When It’s Best to Say No

img_0567I consider myself a pretty friendly person. I’m the sort who, when meeting someone new, prefers to view them as a potential friend than a possible enemy. I welcome strangers to my table and find nothing awkward in telling people to “scootch up” and make room for another chair. Being an introvert I can’t say I enjoy crowds, but put me one-on-one with someone and I’ll at least try to hold up my end of the conversation.

Several months back, maybe as much as a year, I met this woman I’ll call “Jill” while walking with Holly on the Airline Trail. I’d seen her before; we’d make eye contact, nod, maybe say hello. Occasionally, she’d stop to admire Holly and give her a pat. Little by little, we came to know each other a bit, exchanged names, that sort of thing. Eventually, we shared phone numbers with an idea toward meeting to walk or bike, both of us eager for company. Jill was recently retired (she was a college phys ed teacher), outdoorsy like me, and loved animals as I do. We both had “issues” with our birth families and step-children which we shared and laughed over. I really felt that I was making a friend.

Then it happened.

See, Jill has some fairly significant health issues, particularly with her spine. One day, as we walked, she mentioned some difficulty she was experiencing and I suggested she look into equine therapy. I worked at a therapeutic riding facility for several years and I’ve remained enamored of the field and the good–sometimes the miracles–that occur between horses and riders. It’s pretty astonishing stuff.

To my horror, Jill hunched over like a crone and began to do a sideways crab-walk, her fingers curled into claws. “I don’t want to ride with a bunch of retards,” she said.

I blurted, “JILL!” She laughed, like it was the biggest joke in the world. And me? I was speechless. I couldn’t find the words to convey my disappointment in her…and in me for not speaking up. Something inside told me she wouldn’t care, anyway, that she’d make some excuse or brush it off as a joke (sort of like that TSA employee who recently flicked the braids of a Native woman and said, “Giddy-up!”), and I let that “something side” keep me mum.

But it’s never left my mind, and I haven’t seen Jill since. Granted, she has some weird sort of schedule and it seemed to always be me making the overtures to meet-up, but I’ve maintained radio silence. Recently, she sent me a text indicating she’d like to get together. I didn’t respond because I was headed out of town for several days. Now that I’m back, I’m not sure I’ll respond in any case.

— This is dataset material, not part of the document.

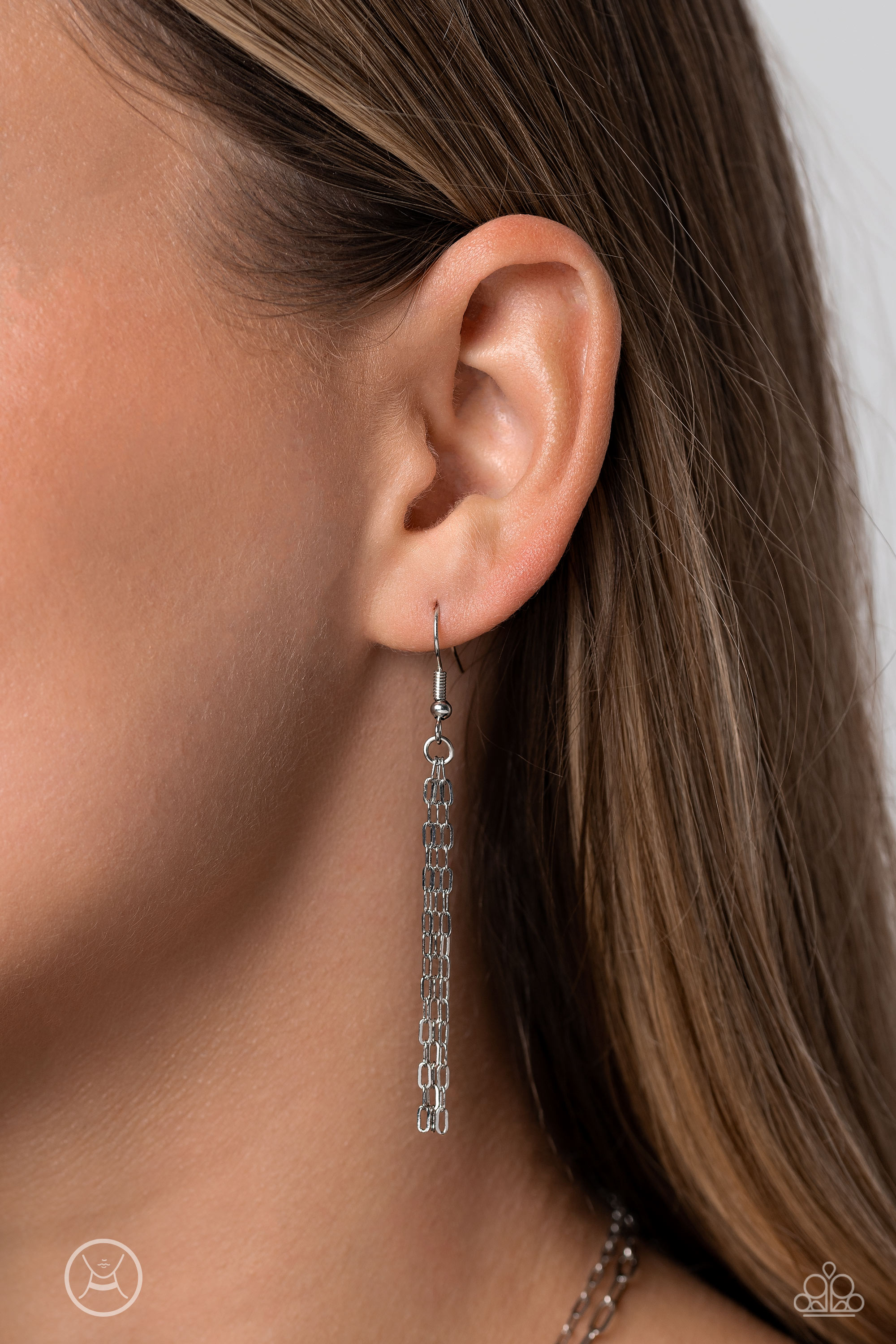 A dainty duo of silver paperclip chains coalesces down the neckline, with one chain slightly bigger than the other to emphasize its high-sheen, monochromatic simplicity. Features an adjustable clasp closure.

That “friendliness gene” in me says to give her a second chance, to get together and explain that if we’re to be friends, she needs to understand how badly her words upset me. Maybe I’ll learn that it was a foolish moment, words uttered and regretted instantly (although she gave no indication of that; rather the contrary). We’ve all said things we regret, all made first impressions we wish we could erase, all dreamed of do-overs. On the other hand, if that cruel remark is a clear indication of who Jill truly is (and based on some of her other comments, I have no reason to think otherwise), she’s not the sort of person I can consider a friend.

This is not a question of ideology; of me thinking I’m better than someone else or wanting only friends who mirror my beliefs. I love intelligent discourse when both parties believe differently, and I can “agree to disagree” when need be. (Case in point, I have a cousin who refutes evolution. I don’t agree with him, but I still love him.) Maybe this thing with Jill hit me so hard because I’ve worked with those riders and gotten to know them as they struggle with their disabilities. I met some who others might classify as “vegetables” and come to understand their beautiful and subtle way of communication. And I have family members, people I respect and love, who battle similar challenges every day. Would Jill decline to ride with them?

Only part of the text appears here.